Exercise objective:
Would you print the listing that follows exactly, but without its pictures?

### Data for processing ###

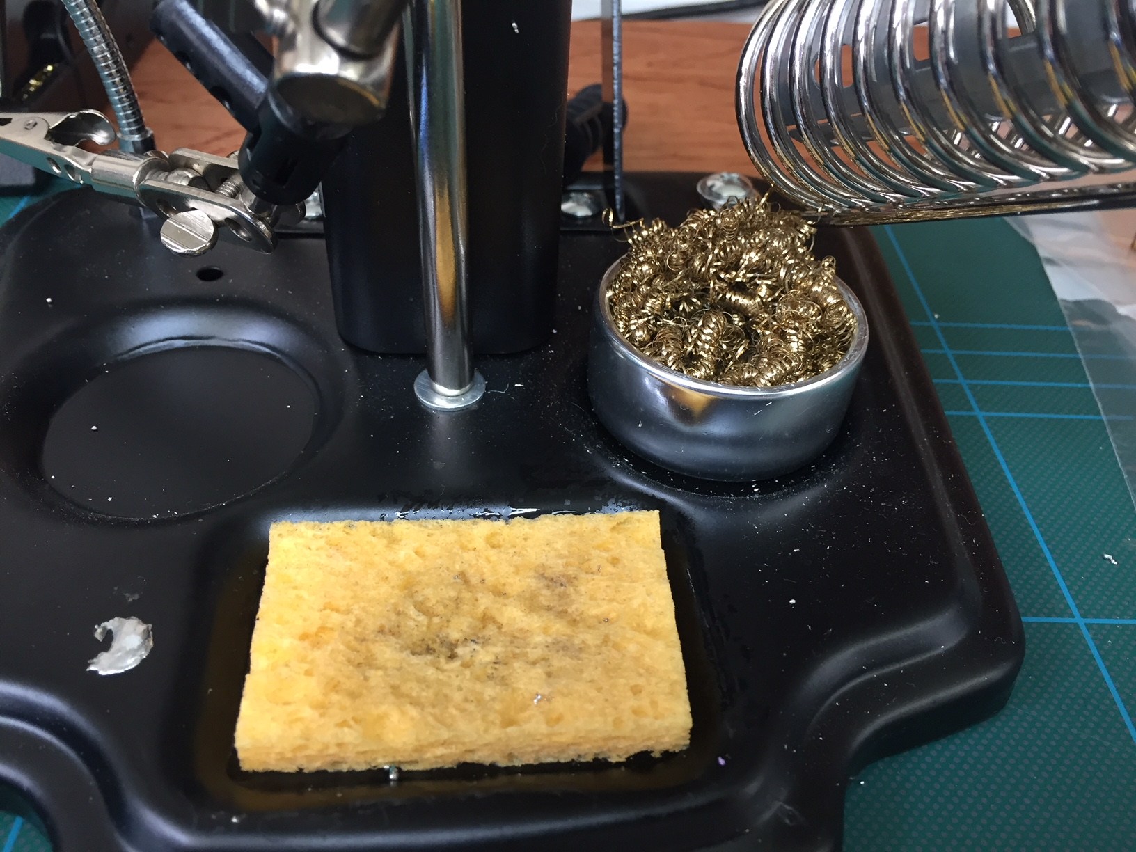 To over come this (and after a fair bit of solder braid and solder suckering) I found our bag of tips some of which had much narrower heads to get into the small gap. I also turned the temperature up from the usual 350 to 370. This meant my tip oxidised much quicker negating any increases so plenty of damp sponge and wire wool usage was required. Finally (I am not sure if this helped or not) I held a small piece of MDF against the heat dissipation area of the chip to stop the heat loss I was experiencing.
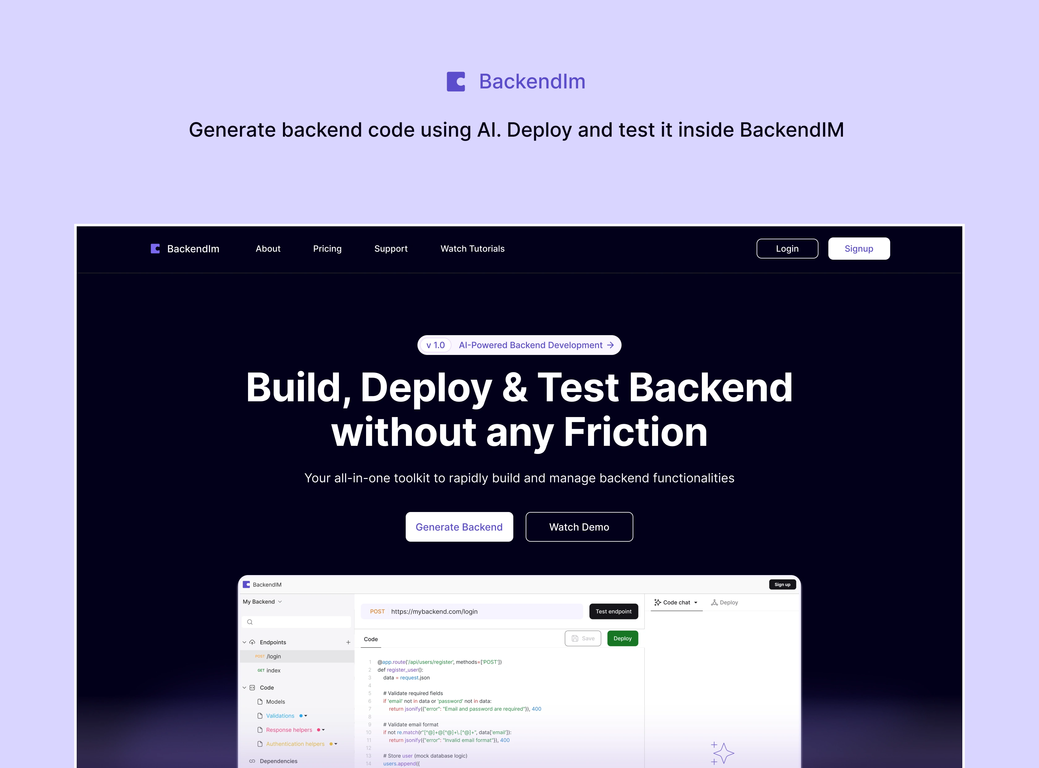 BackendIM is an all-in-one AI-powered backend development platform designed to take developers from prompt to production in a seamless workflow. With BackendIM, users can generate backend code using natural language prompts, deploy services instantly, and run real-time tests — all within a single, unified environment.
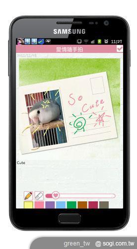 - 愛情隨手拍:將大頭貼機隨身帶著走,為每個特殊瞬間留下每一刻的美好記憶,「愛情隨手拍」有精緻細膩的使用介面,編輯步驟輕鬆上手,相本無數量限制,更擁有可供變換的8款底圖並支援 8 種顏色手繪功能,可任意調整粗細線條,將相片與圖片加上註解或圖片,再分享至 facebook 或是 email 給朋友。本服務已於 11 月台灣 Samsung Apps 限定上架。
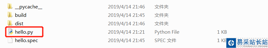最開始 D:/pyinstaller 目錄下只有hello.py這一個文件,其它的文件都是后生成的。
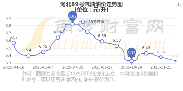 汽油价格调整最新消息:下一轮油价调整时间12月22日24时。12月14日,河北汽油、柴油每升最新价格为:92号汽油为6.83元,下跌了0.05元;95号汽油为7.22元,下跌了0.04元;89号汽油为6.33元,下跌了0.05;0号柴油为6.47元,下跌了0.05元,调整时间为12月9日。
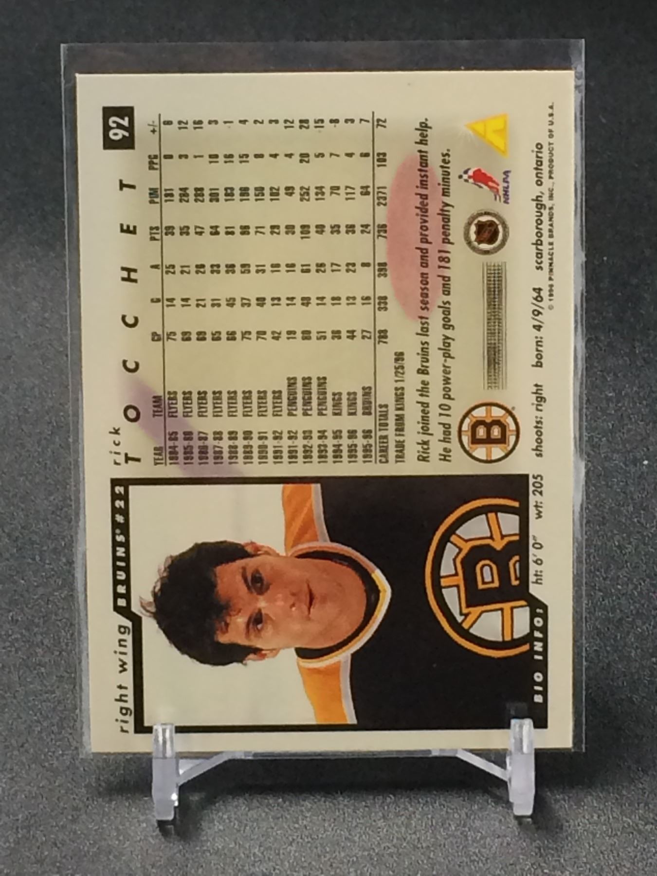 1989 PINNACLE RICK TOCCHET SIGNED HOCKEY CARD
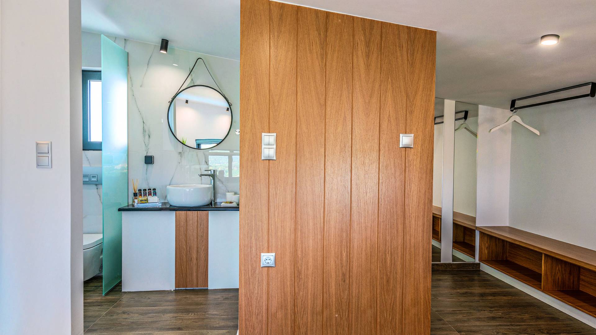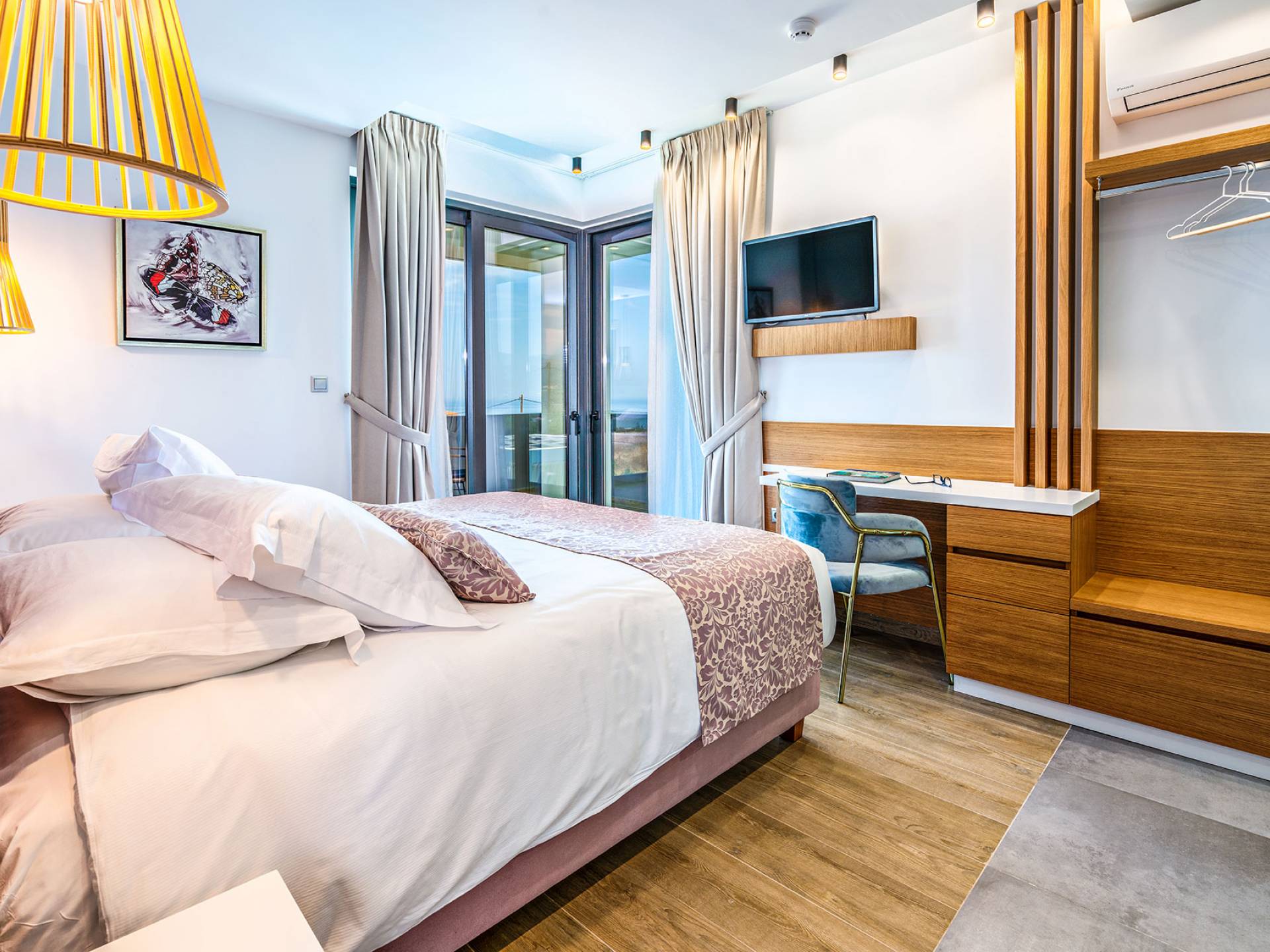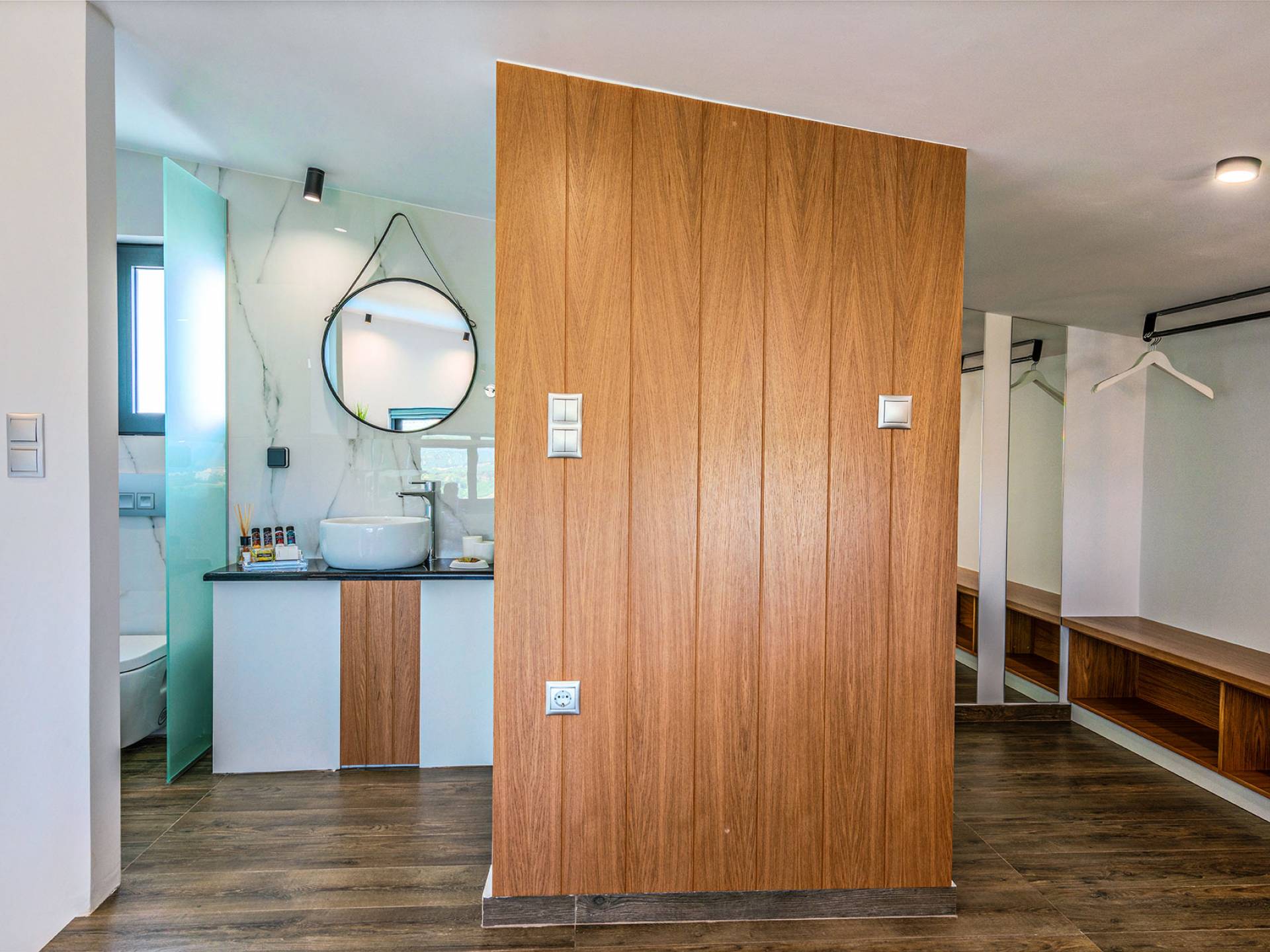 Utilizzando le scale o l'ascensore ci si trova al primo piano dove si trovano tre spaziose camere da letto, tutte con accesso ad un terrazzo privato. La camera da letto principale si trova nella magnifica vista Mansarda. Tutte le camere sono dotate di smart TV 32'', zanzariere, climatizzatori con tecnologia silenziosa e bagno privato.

###

Answer box:
 To over come this (and after a fair bit of solder braid and solder suckering) I found our bag of tips some of which had much narrower heads to get into the small gap. I also turned the temperature up from the usual 350 to 370. This meant my tip oxidised much quicker negating any increases so plenty of damp sponge and wire wool usage was required. Finally (I am not sure if this helped or not) I held a small piece of MDF against the heat dissipation area of the chip to stop the heat loss I was experiencing.
 BackendIM is an all-in-one AI-powered backend development platform designed to take developers from prompt to production in a seamless workflow. With BackendIM, users can generate backend code using natural language prompts, deploy services instantly, and run real-time tests — all within a single, unified environment.
 - 愛情隨手拍:將大頭貼機隨身帶著走,為每個特殊瞬間留下每一刻的美好記憶,「愛情隨手拍」有精緻細膩的使用介面,編輯步驟輕鬆上手,相本無數量限制,更擁有可供變換的8款底圖並支援 8 種顏色手繪功能,可任意調整粗細線條,將相片與圖片加上註解或圖片,再分享至 facebook 或是 email 給朋友。本服務已於 11 月台灣 Samsung Apps 限定上架。
最開始 D:/pyinstaller 目錄下只有hello.py這一個文件,其它的文件都是后生成的。
 汽油价格调整最新消息:下一轮油价调整时间12月22日24时。12月14日,河北汽油、柴油每升最新价格为:92号汽油为6.83元,下跌了0.05元;95号汽油为7.22元,下跌了0.04元;89号汽油为6.33元,下跌了0.05;0号柴油为6.47元,下跌了0.05元,调整时间为12月9日。
 1989 PINNACLE RICK TOCCHET SIGNED HOCKEY CARD
 Utilizzando le scale o l'ascensore ci si trova al primo piano dove si trovano tre spaziose camere da letto, tutte con accesso ad un terrazzo privato. La camera da letto principale si trova nella magnifica vista Mansarda. Tutte le camere sono dotate di smart TV 32'', zanzariere, climatizzatori con tecnologia silenziosa e bagno privato.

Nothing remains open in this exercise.